Journey to Dreads

Dreads!

It’s something I have always wanted – right when I was a teenager. Growing up in Cameroon though certain things automatically catapult you into a bad boy group. Tattoos and dreadlocks were high up there and anyone who wore one would feel the piecing eyes of judgement and dissent.

I’d never be in a corporate job back home wearing dreads- we have to comply to European beauty standards. I’m not even going to go into what is expected of girls!

So we’ve ditched what is natural to us to adopt another – yet again.
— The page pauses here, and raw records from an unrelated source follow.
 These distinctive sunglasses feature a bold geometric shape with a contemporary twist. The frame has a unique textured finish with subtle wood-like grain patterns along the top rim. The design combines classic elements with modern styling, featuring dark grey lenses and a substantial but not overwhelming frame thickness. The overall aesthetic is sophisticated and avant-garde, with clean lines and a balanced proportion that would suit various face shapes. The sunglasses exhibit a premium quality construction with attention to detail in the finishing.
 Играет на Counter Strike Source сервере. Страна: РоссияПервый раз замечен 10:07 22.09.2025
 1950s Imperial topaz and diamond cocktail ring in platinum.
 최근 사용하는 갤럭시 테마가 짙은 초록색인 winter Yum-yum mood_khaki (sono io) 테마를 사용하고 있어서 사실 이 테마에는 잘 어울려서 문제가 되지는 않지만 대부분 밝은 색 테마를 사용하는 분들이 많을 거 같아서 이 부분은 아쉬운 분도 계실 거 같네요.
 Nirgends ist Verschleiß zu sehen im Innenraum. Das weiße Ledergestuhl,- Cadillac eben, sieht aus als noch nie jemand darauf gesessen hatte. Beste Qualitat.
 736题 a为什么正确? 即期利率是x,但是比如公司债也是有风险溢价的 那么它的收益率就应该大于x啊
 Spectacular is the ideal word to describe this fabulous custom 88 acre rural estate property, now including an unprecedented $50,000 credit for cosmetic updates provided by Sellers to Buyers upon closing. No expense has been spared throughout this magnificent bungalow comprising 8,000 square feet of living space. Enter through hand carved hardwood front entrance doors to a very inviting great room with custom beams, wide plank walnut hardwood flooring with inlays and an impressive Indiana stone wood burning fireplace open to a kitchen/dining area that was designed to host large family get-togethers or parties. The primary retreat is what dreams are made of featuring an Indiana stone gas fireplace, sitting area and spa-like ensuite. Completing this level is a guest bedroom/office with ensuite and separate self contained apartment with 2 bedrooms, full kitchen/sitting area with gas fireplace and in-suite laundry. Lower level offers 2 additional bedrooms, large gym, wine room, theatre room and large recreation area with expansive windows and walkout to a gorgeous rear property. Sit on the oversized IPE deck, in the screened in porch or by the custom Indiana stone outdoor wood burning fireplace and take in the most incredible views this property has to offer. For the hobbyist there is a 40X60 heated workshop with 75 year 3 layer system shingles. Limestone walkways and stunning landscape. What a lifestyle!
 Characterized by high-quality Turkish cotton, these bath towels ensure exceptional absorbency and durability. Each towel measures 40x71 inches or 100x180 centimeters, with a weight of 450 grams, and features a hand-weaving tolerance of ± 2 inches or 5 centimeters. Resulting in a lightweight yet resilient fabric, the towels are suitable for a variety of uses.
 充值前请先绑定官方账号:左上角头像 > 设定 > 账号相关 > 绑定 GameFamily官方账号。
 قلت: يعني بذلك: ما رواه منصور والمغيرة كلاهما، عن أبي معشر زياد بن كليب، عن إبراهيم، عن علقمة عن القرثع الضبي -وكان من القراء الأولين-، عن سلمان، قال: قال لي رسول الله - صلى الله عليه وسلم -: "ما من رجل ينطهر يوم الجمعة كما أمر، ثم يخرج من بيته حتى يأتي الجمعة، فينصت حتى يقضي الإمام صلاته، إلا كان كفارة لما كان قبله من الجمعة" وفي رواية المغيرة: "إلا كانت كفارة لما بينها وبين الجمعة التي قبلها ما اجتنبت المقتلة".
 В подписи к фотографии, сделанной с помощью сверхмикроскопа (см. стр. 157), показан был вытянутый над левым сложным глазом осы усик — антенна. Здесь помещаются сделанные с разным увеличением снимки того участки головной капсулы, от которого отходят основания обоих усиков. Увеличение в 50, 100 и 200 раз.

How bad is it ? There is an armed conflict escalating back home. I spoke to my mom and told her I was going to come home for a short visit and she pleaded with me not to- her exact words were “if you come with your hair like that you will be shot!” Now changing the narrative is something I have always strived to do. Not just for myself, but for others like me. I used to be upset when I got stopped and profiled at airports. But I actually now look forward to it – because the more I’m stopped and found to be nothing more than a traveler, (hopefully) the less the profiling and stereotyping of others.

I’ve been in situations where people confidently come up to me to as for contraband and sometimes express some shock when I tell them I have nothing to offer to them – but a hug 🤗 It’s sad but that’s the world we live in.

Wearing my dreads every day is a message for myself and for others like me, to those who don’t see us as we are. We are normal, regular hair loving people and love to have it worn this way.

So it took a while for me to finally get on board with growing my dreads. There were some external factors.

One prominent amongst them was a story I read about girls in South Africa being sent home from school in order to go straighten or cut their hair! Read that again!

Their parents had to come and protest at the school for days and eventually the story caught media attention worldwide.

I told myself this was one fight I would want to be in, not to throw punches but because representation matters, the more we are, the more it becomes normal.

Though in defiance, I also will not allow myself to be judged.

Historically men have also worn long hair. You look at most indigenous tribes and the males wore long hair and most of them naturally rolled up into dreadlocks. Crazy that we travel around the world to go see and experience the simple and rich lives of these people and sometimes wish it were like that today. The native Americans in the east, the Masai in East Africa, the Samurais in the Far East, the Maoris and Samoans, the list goes on and on.

But more than the looks of them from the outside, there was and is a distinct way in which these people carried themselves, you can feel the energy around them and see it in their eyes, people of high caliber and values.

It’s some of the things I am trying to incorporate into my own life daily. It is helping me build better habits and values.

“It’s (not) just hair” as some have said. But it’s a starting point or continuation of an ascension to an improved version of myself

Transformation.

This was the third and final reason I was growing the dreads. Having been for the most part in a comfortable place things were starting to shake up in my life. Difficult moments were clearly mapped out ahead of me and I had to be able to approach these with some sort of navigation.

Nothing wakes you up more than the certainty of an imminent and confirmed doom. Giving up was not the answer so I had to prepare myself in every way possible to face this.

One of these was working on the inside job – the spirit. It took a few trips to mountains and ceremonies in which I did nothing but listen to myself, identify my strengths and weakness and look for areas of improvement.

I was advised to have something physical to look at to remind me of the work I was doing, to keep myself grounded. You know, like the guys in the movie Inception, in which they had totems to let them know if they were in a dream or not. Then someone asked me what’s up with my hair and out of nowhere I replied “as my hair grows, so does my spirit”.

And that was it, my hair was going to be my totem through this journey a reminder as to the person I was molding myself to be through the tough times to become a me that I am pleased with every day.

Locked in these hair fibres are my stories, a record of my energies and emotions. I can tap into them whenever I feel the need to.

Moreover, it is a hairstyle made for my hair.

An extension of character and to the soul, a filter to the type of people I would like to meet( using the bias to my advantage). The people who take the time to get to know you despite the “outlandish” hairstyle.

People who are strong, self-assured with a good sense of who they are. This is just one of the may good qualities people with dreadlocks have which I love.

And then there is the defiance of western standards to beauty, a racial or cultural connection, an expression of freedom, sometimes a fashion statement or simply a way to express individuality.